### Exercise instructions
Give back exactly the lines from the one that holds "Elegant white wedding" through the final line of the data; omit the pictures and add nothing.

++++ Data for this exercise ++++

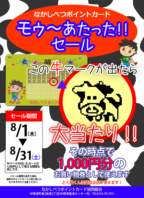 お買い物はポイントカード加盟店で!な かしべつポイントカード とく蔵くん![]() |
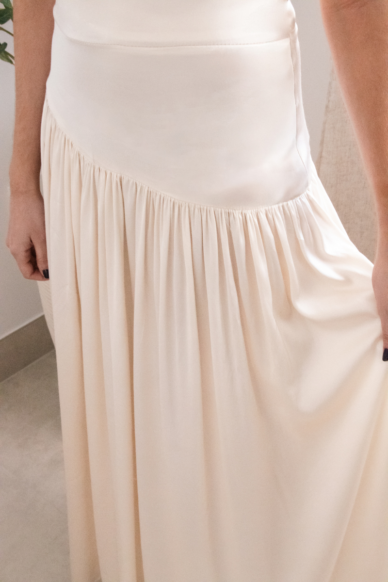 Confeccionado en satén con un pequeño toque satinado. Escote asimétrico. Corte en cintura y cadera acompañado de frunce. Abertura en la espalda con presillas y botones.
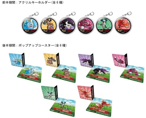 また、コラボメニューやアレンジドリンク・ポップコーンを注文すると、ランダムでノベルティを1種もらえます。コラボ前半は『アクリルキーホルダー(全6種)』、コラボ後半は『ポップアップコースター(全6種)』のラインナップとなっています。
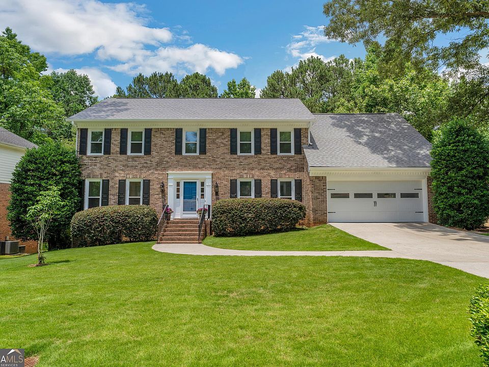 Spend your Summers poolside by your own gorgeous private pool. Fantastic 3 finished levels in Dunwoody's Austion Elementary. Beautifully appointed brick two story home with a finished basement. Hardwood floors throughout the main level and in all bedrooms. Stunning kitchen with quartz counters and island. Tons of cabinet and counter space. Fireside den and large dining room. This home is loaded with lots of natural light in the living areas and bedrooms. The second floor features a large master suite with sitting area, luxurious master bath, and spacious master closet with custom Elfa shelving system. Plus 3 additional bedrooms and a large upstairs bonus room. Front and back stairs, too! The finished terrace level has a large rec area, second fireplace, wet bar (great for when you are outback and poolside), mirrored exercise room, and a full bath. Terrace level could easily be made into an in-law, or teen suite. Out in back is a main level screened porch and grilling deck, covered lower patio, and the beautiful pool. There is also an EV charging station in the garage.
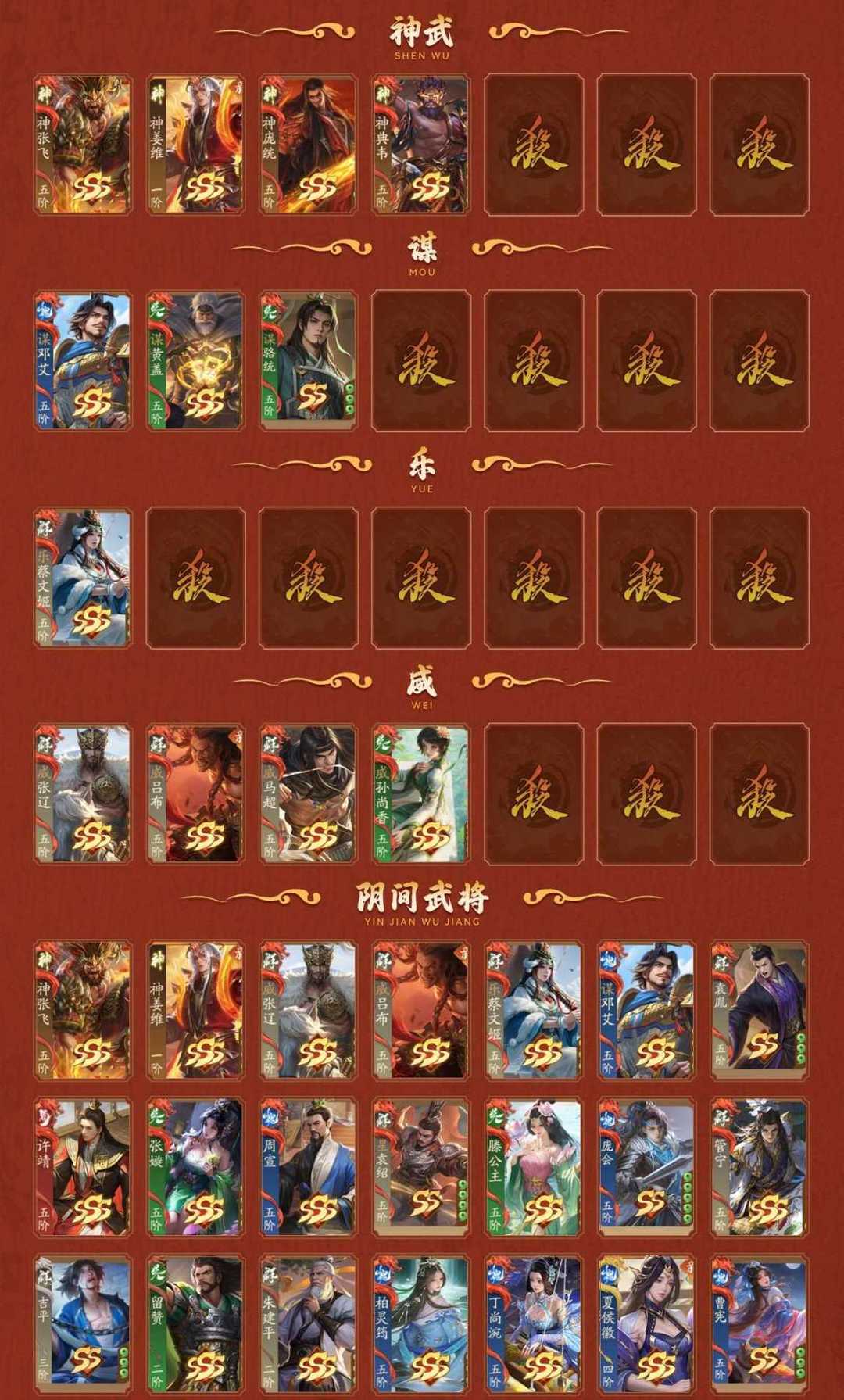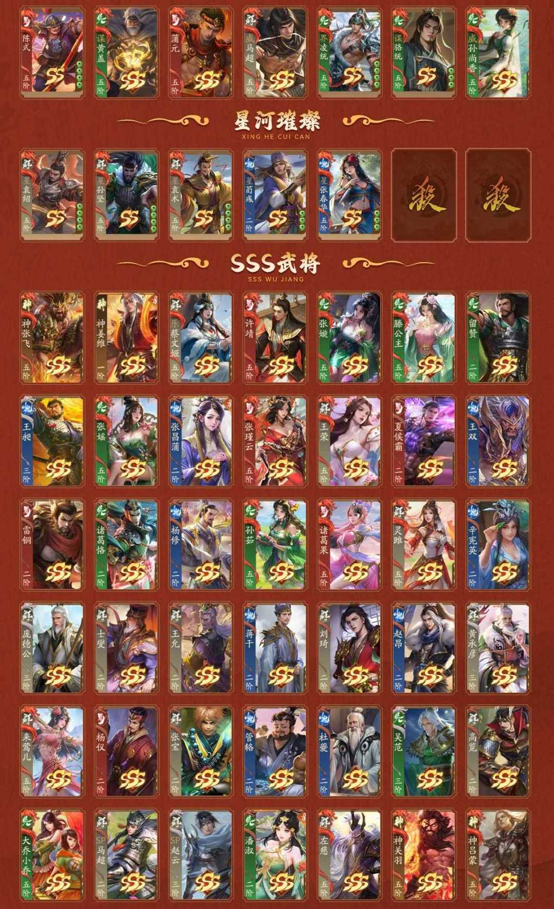 装备描述:4神武,4威,5星河,【阴间】:神张飞,神姜维,威张辽,威吕布,乐蔡文姬,谋邓艾,袁胤,许靖,张嫙,周宣,星袁绍(静),公主(静),庞会,管宁(静),吉平,留赞,朱建平,柏灵筠,丁尚涴,夏侯徽,曹宪,陈式,谋黄盖,蒲元,威马超,界凌统,谋骆统,威孙尚香;【神武】:神张飞,神姜维,神庞统(动),神典韦;【谋】:谋邓艾,谋黄盖,谋骆统;【乐】:乐蔡文姬;【威】:威张辽,威吕布,威马超,威孙尚香;【星河】:星袁绍(静),星孙坚,星袁术,星荀彧,星张春华;【SSS】:神张飞,神姜维,乐蔡文姬,许靖,张嫙,公主(静),留赞,王昶,张媱,张昌蒲,张瑾云,王荣,夏侯霸(动),王双,雷铜,诸葛恪,杨修(动),孙茹(静),诸葛果,灵雎,辛宪英,庞德公,士燮,王允,蒋干,刘琦,赵昂,黄承彦,来莺儿,杨仪,张宝,管辂,杜夔,吴范,高览,大乔小乔,SP马超,SP赵云(动),潘淑,左慈(静),神关羽,神吕蒙,神周瑜(动),神诸葛亮,神曹操(动),神吕布,神赵云(动),神司马懿,神刘备(动),神陆逊,神张辽,神甘宁,曹婴(静),神庞统(动),越日彩,神典韦,威孙尚香;【SS】:星袁绍(静),庞会,曹宪,星袁术
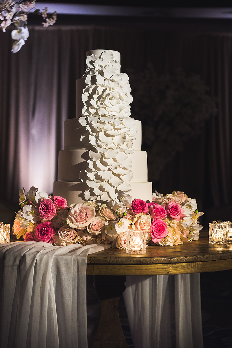 Elegant white wedding cake with flowers and succulents in boho style. Rustic Wedding Cake
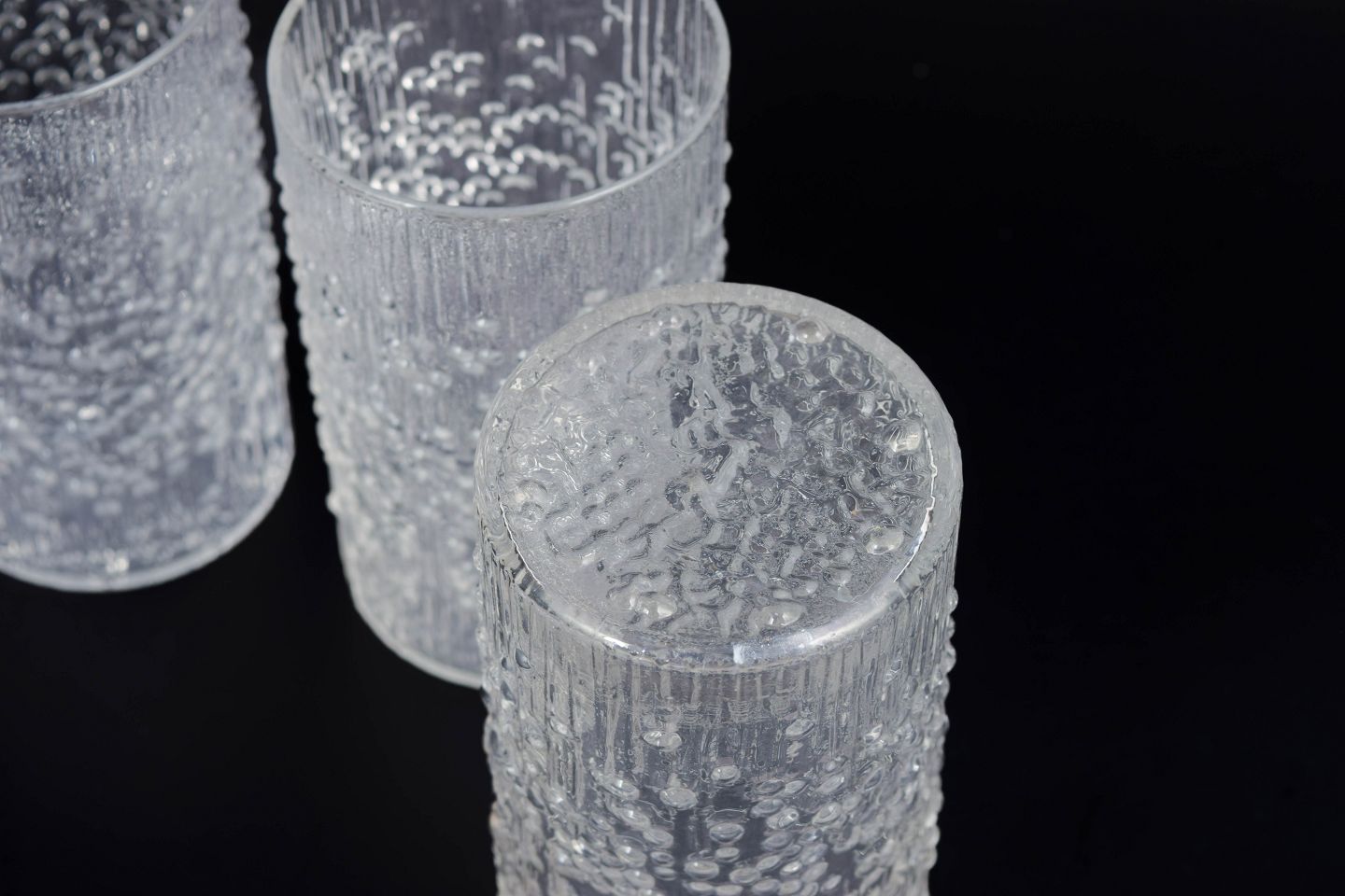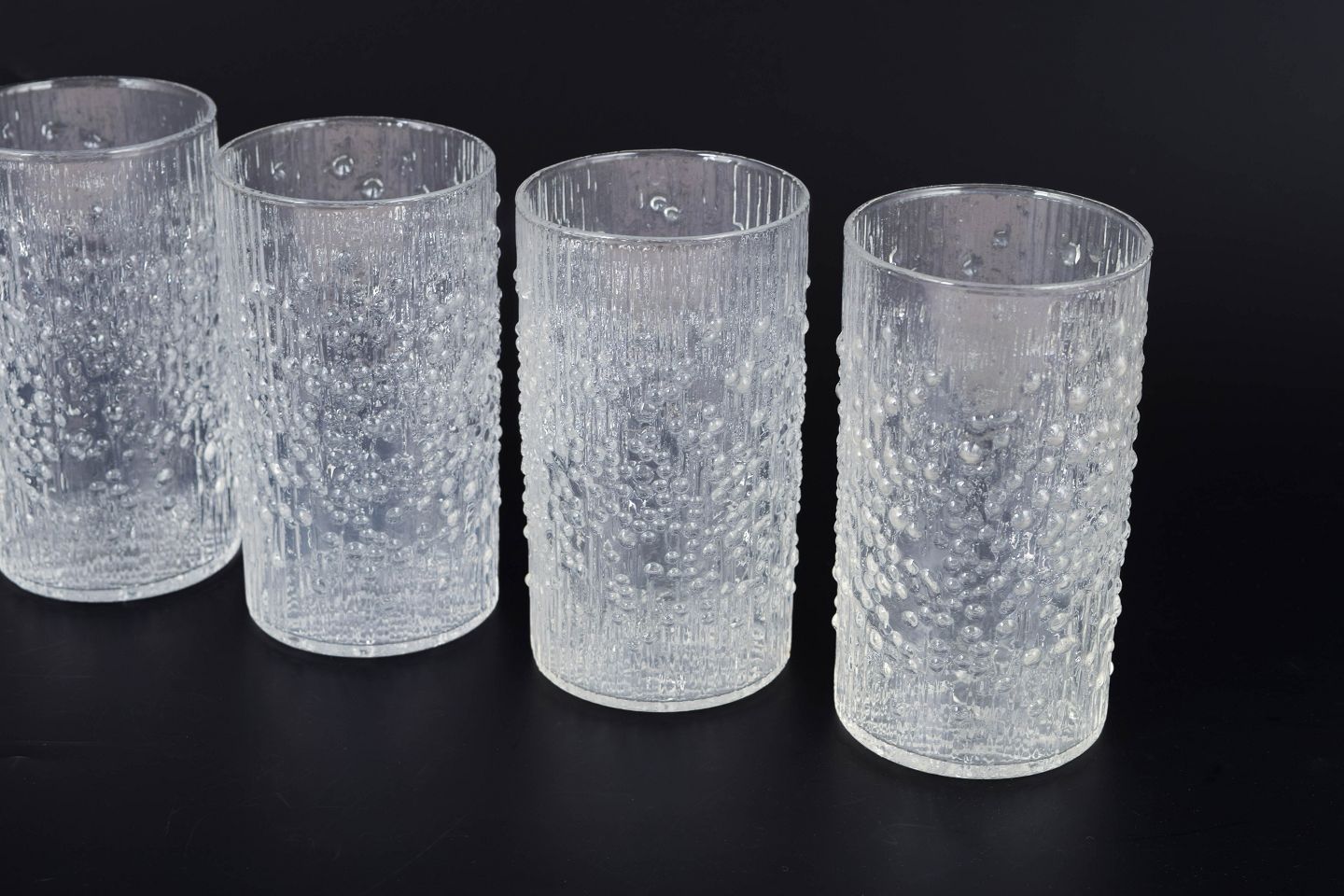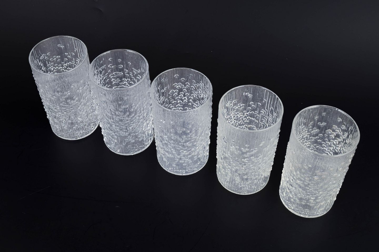 Sæt af fem drikkeglas i presset glas med karakteristisk organisk struktur og reliefmønster, der skaber et levende lysspil i overfladen. Designet er et klassisk eksempel på finsk glasdesign fra perioden. Model Hopla i klart glas.
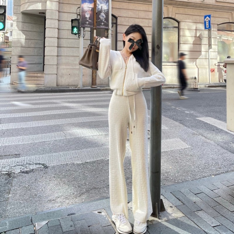 2021时尚女装连帽开衫外套+阔腿长裤白色针织套装

++++

### Problem solution
 Elegant white wedding cake with flowers and succulents in boho style. Rustic Wedding Cake
 Sæt af fem drikkeglas i presset glas med karakteristisk organisk struktur og reliefmønster, der skaber et levende lysspil i overfladen. Designet er et klassisk eksempel på finsk glasdesign fra perioden. Model Hopla i klart glas.
 2021时尚女装连帽开衫外套+阔腿长裤白色针织套装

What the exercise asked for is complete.